What is required. Leaving out every picture, quote the data below exactly as it appears.

Information shown.

* * * *

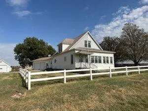 In town acreage with 3-bedroom home. This home has updated kitchen with appliances, dining area, large living room, home office, laundry room with full bathroom, main floor master bedroom with 1/2 bath, full bathroom off dining area and front enclosed porch. The upstairs offers 2 bedrooms with individual closets and one shared closet. This home has a 2-car oversized finished attached garage with heat and overhead doors. An additional detached 22x24 garage, fenced in yard, mature trees for shelter and privacy as well as room to add additional storage. All this sits on 1.41 acres with updated septic system and electrical.
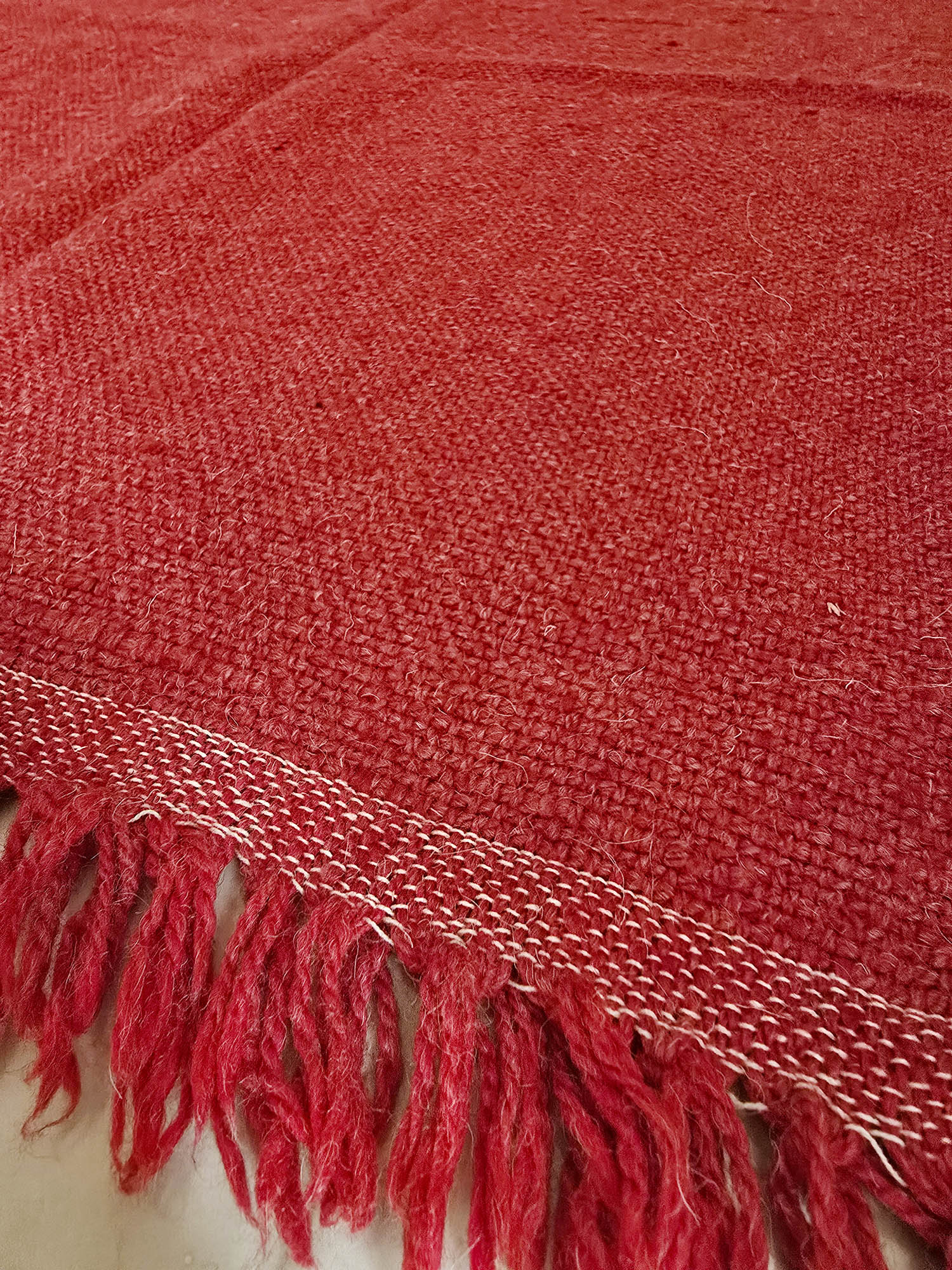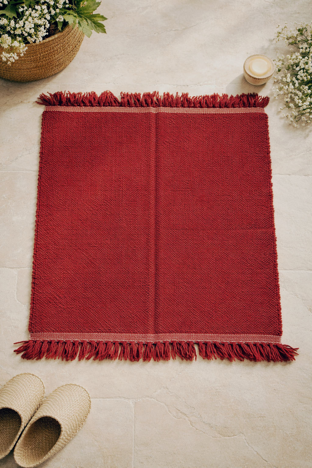 This handwoven Aasan is crafted from Premium Merino wool, offering natural warmth, comfort, and grounding during meditation, yoga, or daily rituals. The dense wool weave provides gentle insulation from cold floors while maintaining breathability for extended use. Soft yet sturdy, it supports stable sitting and enhances focus during long sessions. Finished with traditional fringed edges, it reflects timeless Himalayan craftsmanship. Ideal for indoor use in all seasons, especially winters.
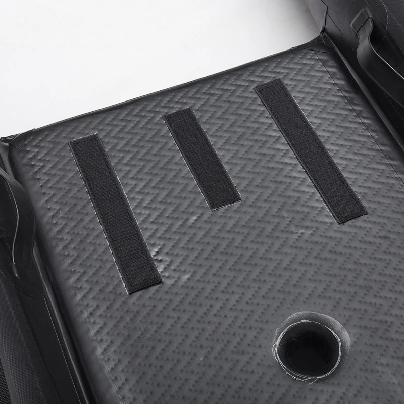 Hoewel de boot klaar is voor Float Plus, kan hij ook worden uitgerust met een meer traditionele elektrische trollingmotor – de bumper heeft een opening speciaal om u te helpen een motorsteun goed vast te lijmen. De unieke structuur van de boeg betekent dat het zwaartepunt meer in evenwicht is na het plaatsen van een motor daar – dit verbetert de algehele balans en het sturen van de boot aanzienlijk. Het nieuwe ontwerp van deze belly boat is 10 cm langer dan de vorige iteratie, waardoor het drijfvermogen en de balans nog verder toenemen, terwijl de drop stitch seat voorzien is van EVA vulling voor uitzonderlijk zitcomfort. De zakken zijn waterdicht, stevig en zeer stabiel en er is ook een waterdichte zak in de voorkant van de boeg. Maatwerk is essentieel bij deze belly boat – alle buisuiteinden zijn leeg, zodat u gemakkelijk uw gewenste accessoires zoals visvinders of hengelsteunen met zelfklevende pads kunt uitrusten. Geleverd met een eenvoudig te gebruiken handpomp en drukklok, zodat u er altijd zeker van kunt zijn dat de druk optimaal is.

* * * *

Solution below.
 In town acreage with 3-bedroom home. This home has updated kitchen with appliances, dining area, large living room, home office, laundry room with full bathroom, main floor master bedroom with 1/2 bath, full bathroom off dining area and front enclosed porch. The upstairs offers 2 bedrooms with individual closets and one shared closet. This home has a 2-car oversized finished attached garage with heat and overhead doors. An additional detached 22x24 garage, fenced in yard, mature trees for shelter and privacy as well as room to add additional storage. All this sits on 1.41 acres with updated septic system and electrical.
 This handwoven Aasan is crafted from Premium Merino wool, offering natural warmth, comfort, and grounding during meditation, yoga, or daily rituals. The dense wool weave provides gentle insulation from cold floors while maintaining breathability for extended use. Soft yet sturdy, it supports stable sitting and enhances focus during long sessions. Finished with traditional fringed edges, it reflects timeless Himalayan craftsmanship. Ideal for indoor use in all seasons, especially winters.
 Hoewel de boot klaar is voor Float Plus, kan hij ook worden uitgerust met een meer traditionele elektrische trollingmotor – de bumper heeft een opening speciaal om u te helpen een motorsteun goed vast te lijmen. De unieke structuur van de boeg betekent dat het zwaartepunt meer in evenwicht is na het plaatsen van een motor daar – dit verbetert de algehele balans en het sturen van de boot aanzienlijk. Het nieuwe ontwerp van deze belly boat is 10 cm langer dan de vorige iteratie, waardoor het drijfvermogen en de balans nog verder toenemen, terwijl de drop stitch seat voorzien is van EVA vulling voor uitzonderlijk zitcomfort. De zakken zijn waterdicht, stevig en zeer stabiel en er is ook een waterdichte zak in de voorkant van de boeg. Maatwerk is essentieel bij deze belly boat – alle buisuiteinden zijn leeg, zodat u gemakkelijk uw gewenste accessoires zoals visvinders of hengelsteunen met zelfklevende pads kunt uitrusten. Geleverd met een eenvoudig te gebruiken handpomp en drukklok, zodat u er altijd zeker van kunt zijn dat de druk optimaal is.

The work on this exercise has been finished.